Now and again, someone would say, “Hey, everybody, let’s remember that today’s a holiday. Let’s wish each other peace and good spirits.”

And someone else would growl, “Yeah right, peace to you, you idiot. When are you going to cork your ears up, the air blowing through your head’s disturbing me.”

The Armenians had already begun their celebrations, and Garo was lurching along the corridor, trying to hug the komendant. A tiny girl in a pinafore saw them coming and hid in the stairwell, clasping to her chest the bowl of coleslaw she’d been making. But the men were heading for the stairs and they soon spotted her.

“It’s Thumbelina!” they cried. “Come here, my beauty, come and celebrate with us. Look what a tasty salad she’s made, the little mousekin!” and on and on. She blushed furiously, dodged under their arms, and hurried away to her room, muttering beneath her breath.

Emily and I were on our way downstairs to Room 99. An invitation had been awaiting my return, decorated with a picture of Santa Claus holding a samovar. “The Great Chamber of 99 requests the pleasure of your company in greeting the New Year,” it announced. “Celebrations will commence with a Grand Parade in formal dress.” And beneath, in large letters: “THIS UNIQUE EVENT WILL NEVER BE REPEATED.”

There were to be fifteen of us, and Liza Minnelli was cooking a sort of goulash with paprika. She kept coming in and out, searching for more ingredients and telling us how delicious the dish was. “You won’t believe it!” she repeated each time. “It’ll blow you to fragments!”

Emily and I sat down with Nina to peel a bucket of potatoes.

At four o’clock, Viktor came in, announcing, “Happy New Year.” He poured us all a few grams.

“Isn’t it a bit early?”

“In Vladivostok,” he explained.

As the sky darkened, the new year swept toward us across the endless steppe.

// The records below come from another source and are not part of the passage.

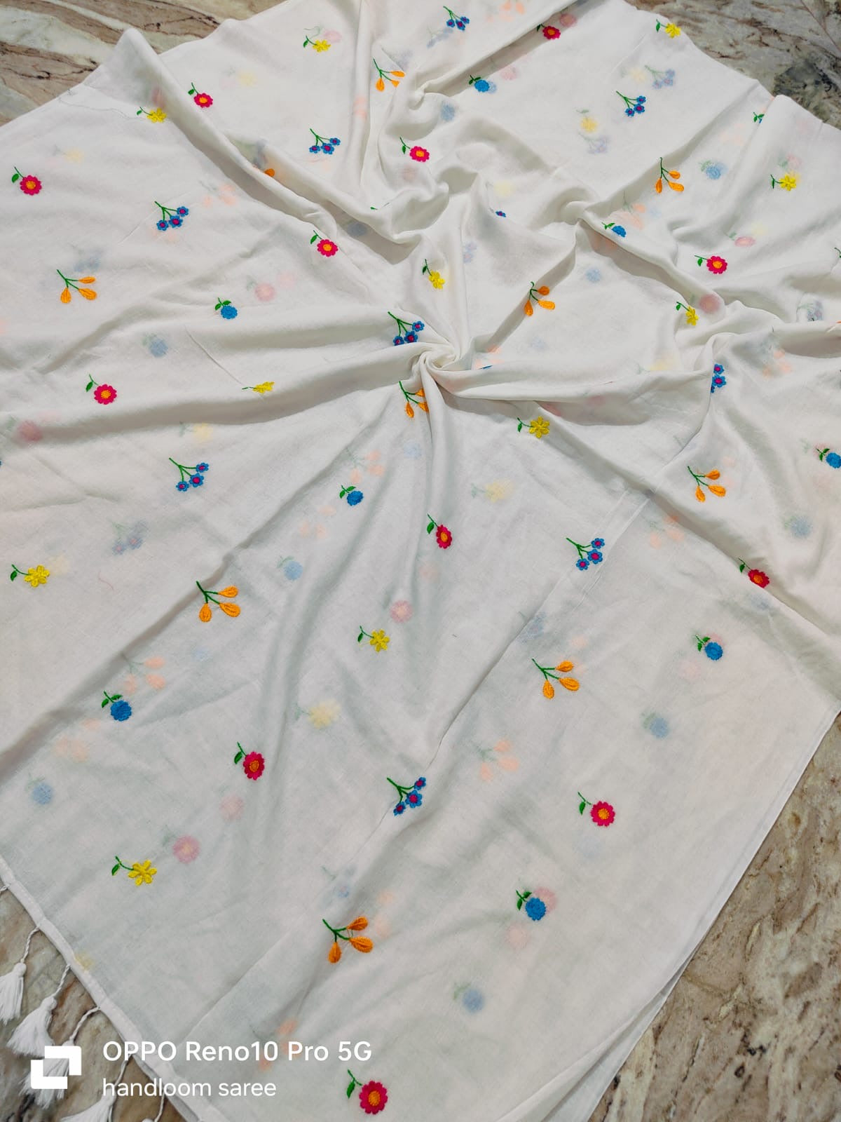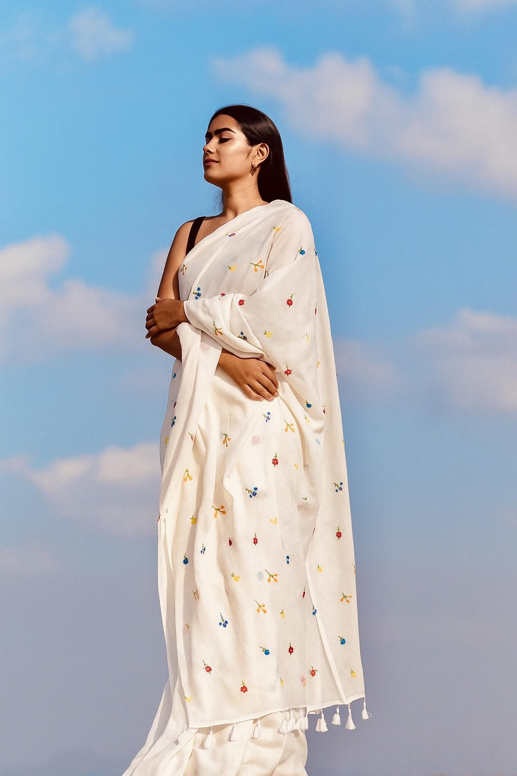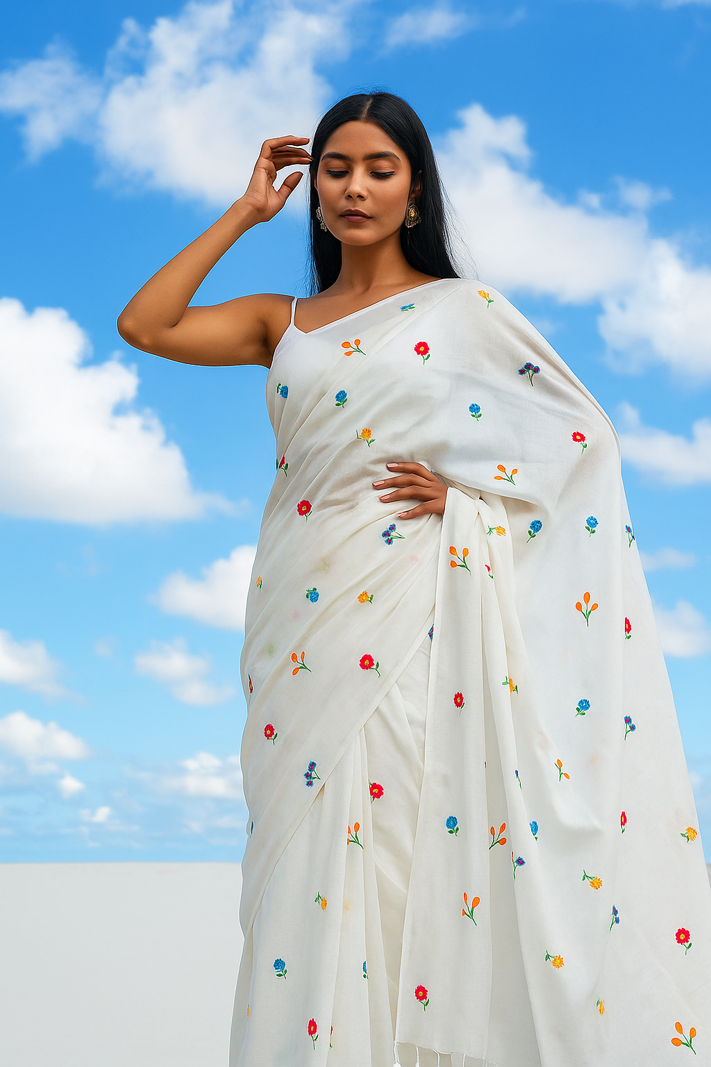 soft like a morning breeze and adorned with embroidered floral whispers-this saree tells as story of grace, simplicity and joy. Every thread is celebration of indian craftsmanship, every flower a little reminder to bloom where you are rooted.
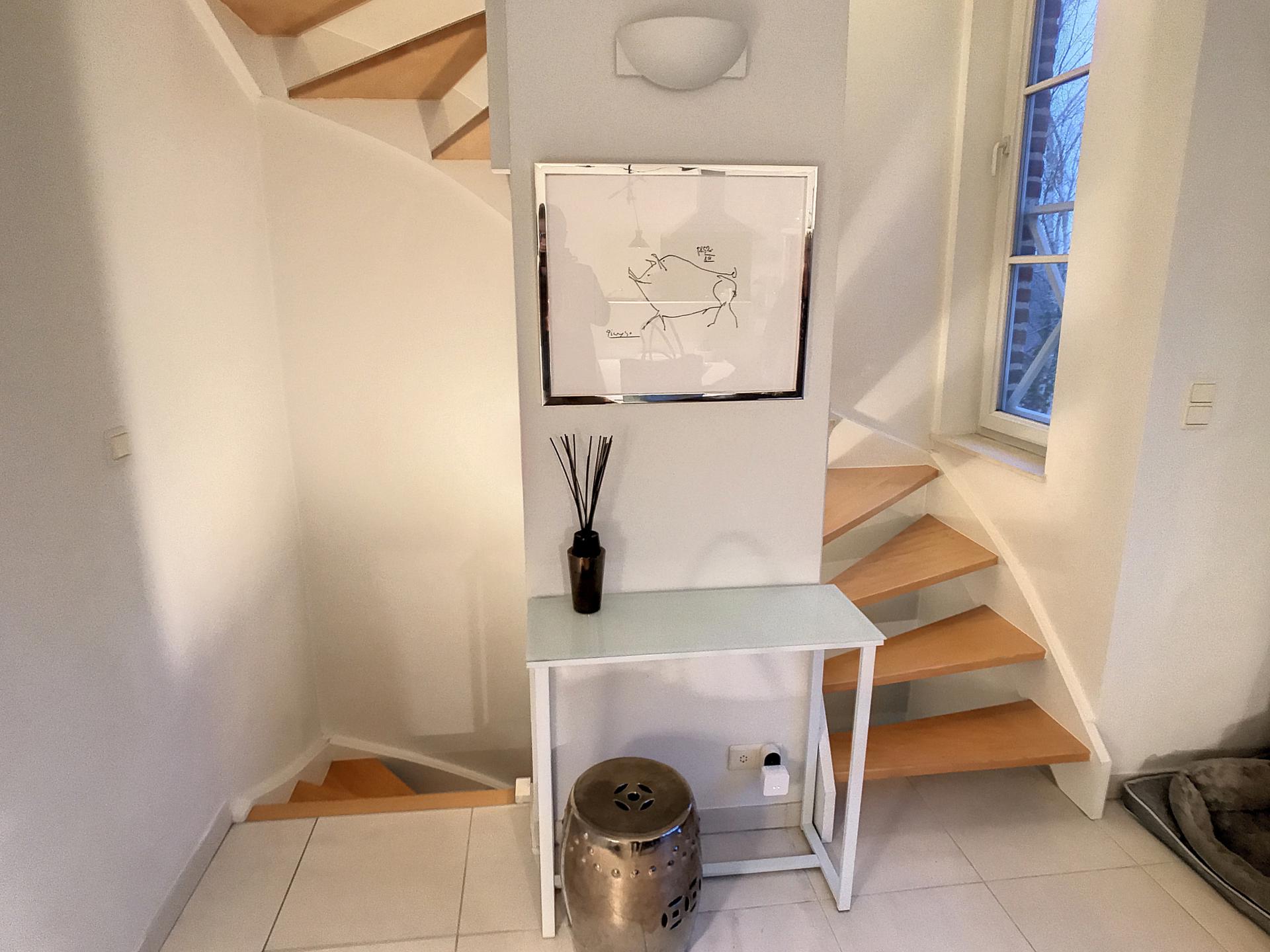 - BUANDERIE : ± 5 m² avec chaudière au gaz Viessmann, boiler ± 100 L + empl. MàL et séchoir/Carrelage
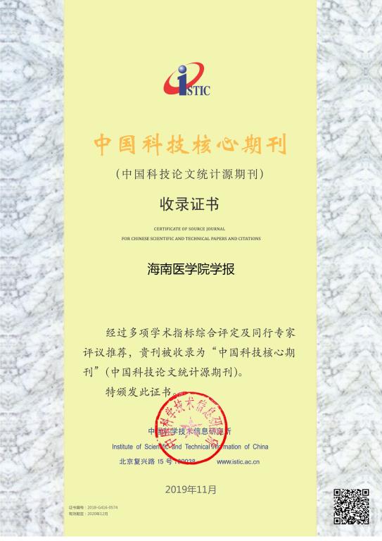 2019年11月19日,根据中国科学技术信息研究所公布的《中国科技期刊引证报告(核心版)》的数据,全国高等医学院校学报中进入核心版有56种,《我校学报》核心总被引频次2745,排名第1位,综合评分73.6,排名第2位,核心影响因子0.912,排名第7位。
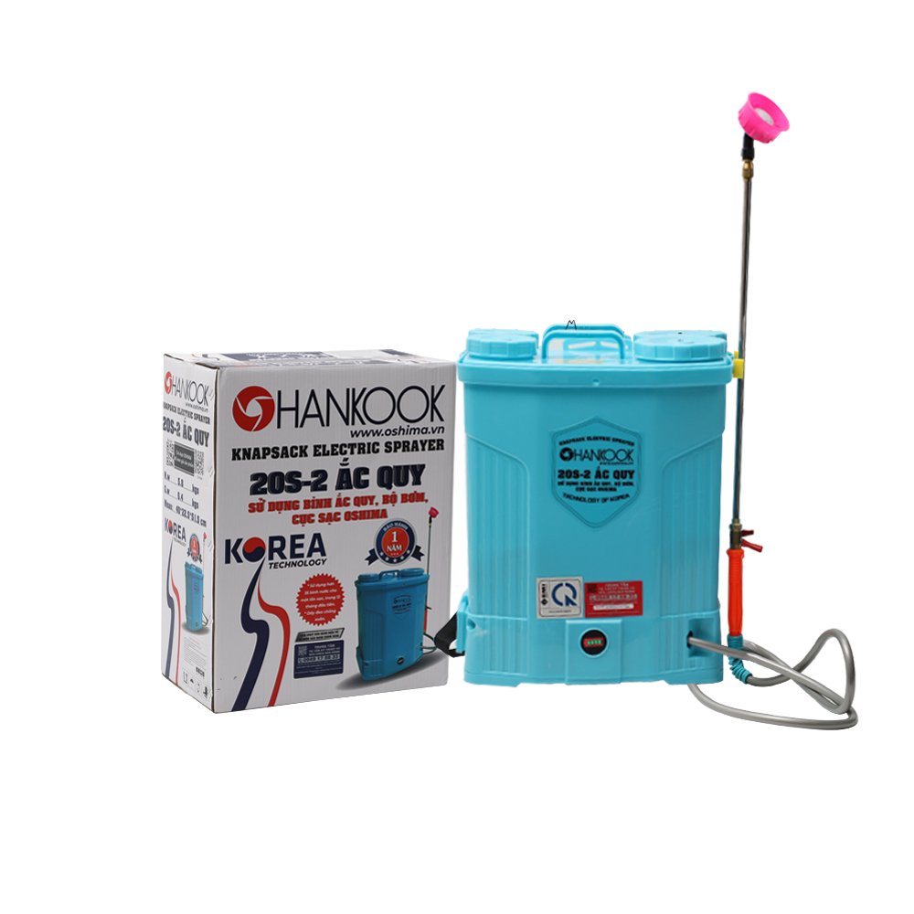 Máy phun thuốc trừ sâu, côn trùng điện HANKOOK 20S-ắc quy Xanh Bình ắc quy 12V8Ah
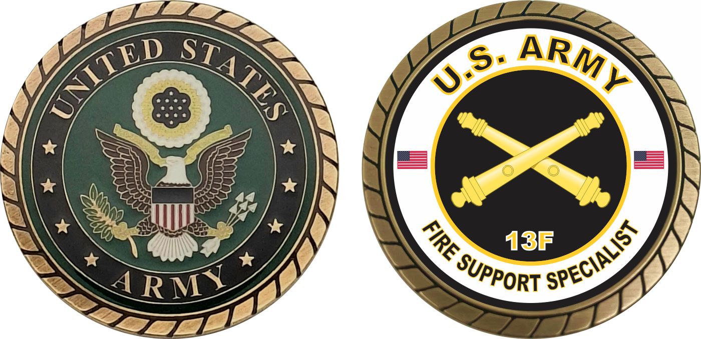 This 1 3/4” U.S. Army MOS 13F Fire Support Specialist Challenge Coin is proudly offered by Militarybest. This Officially Licensed Army MOS coin has beautiful enamel finish on one side and an organized crisp clean 13F Fire Support Specialist designation on the opposite side.
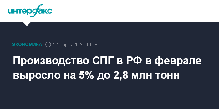 Москва. 27 марта. INTERFAX.RU - Производство крупнотоннажного сжиженного природного газа в России в феврале 2024 года составило 2,8 млн тонн, что на 4,6% больше, чем в феврале 2023 года, сообщил Росстат.
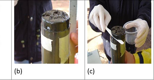 (a) Testemunho sedimentar; (b-c) Detalhe do fatiamento das amostras a cada 1 cm (fotos: Tatiane Araujo de Jesus)
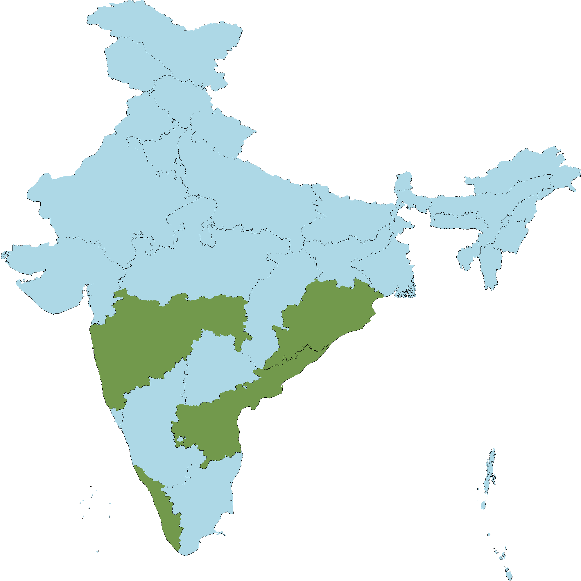• Kerala : Kasaragod district, Kannur district, Wayanad district, Kozhikode district, Malappuram district, Palakkad district, Thrissur district, Idukki district, Pathanamthitta district, Kollam district, Thiruvananthapuram district
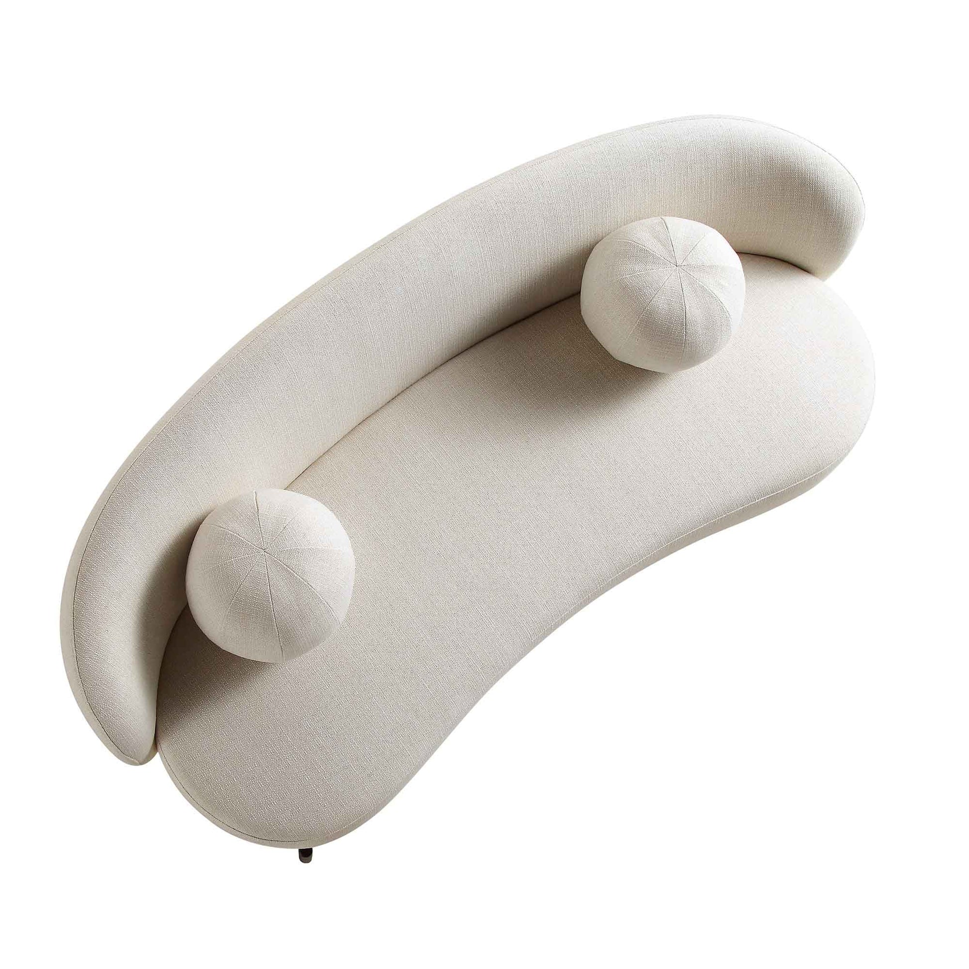Canapé Amboise 3 places incurvé avec coussins boules, mélange de lin beige
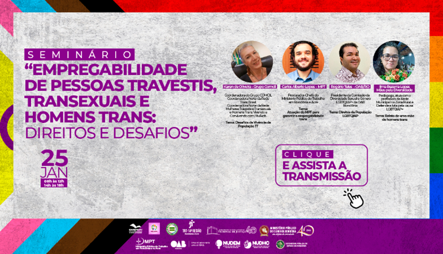 Nesta quarta-feira (25/1) o Comitê Interinstitucional de Equidade de Gênero, Raça e Diversidade, das 8h às 12h e 14h às 18h, o seminário “Empregabilidade de Pessoas Travestis, Transexuais e Homens Trans: Direitos e Desafios”, no auditório do edifício-sede do Tribunal de Justiça de Rondônia.

This unique event was indeed unlikely to be repeated. From midnight, we would be living in a new country, the Russian Federation, a country with a new flag, a new anthem, and a new constitution. The command economy would be abolished and the free market would transform the way Russians lived and worked. The legal code would be rewritten, along with the marriage service, the history books, and the maps. New banknotes would have to be printed; Soviet slogans all over the country would be taken down; institutions, streets, whole cities would change their names. The army, much depleted, would be confined to the country’s new borders with the independent states of Latvia, Lithuania, Estonia, Belarus, Ukraine, Georgia, Azerbaijan, Uzbekistan, and Tajikistan. For the second time in the twentieth century, Russia was starting afresh.

Which, as Mitya pointed out at dinner that evening, gave us more than enough toasts to last all night long.

Bozhe moi, Mitya, you’re not going to torment us with politics all evening, are you?” cried Liza Minnelli. “Eat, everyone, drink. It’s a party.”

We were sitting on the beds in Room 99, crammed around a long table that the girls had somehow assembled. Plate after plate of zakuski, snacks to be eaten with the vodka, lay before us; when the plates ran out, saucepan lids and pieces of paper were used instead. We fell upon the food, and Viktor, who had brought his new girlfriend, barely more than a schoolgirl, made a short speech about the fact that vodka was pure spirit, or near enough, and therefore should not be tainted by worldly things such as politics or money (“Meaning you should always drink other people’s,” interjected Tanya). Vodka, he continued, should only come into contact with the finer things in life—poetry, and love—and so he proposed a first toast for the evening: “To the hymen.”

The goulash arrived and worked its magic: as the first taste hit the roof of the mouth, a fierce little fireball flew up both nostrils and exploded behind the eyes. A chorus of snorts stopped all talk and Liza Minnelli looked pleased with herself. “I warned you,” she said complacently. “I said it would blow you to fragments.”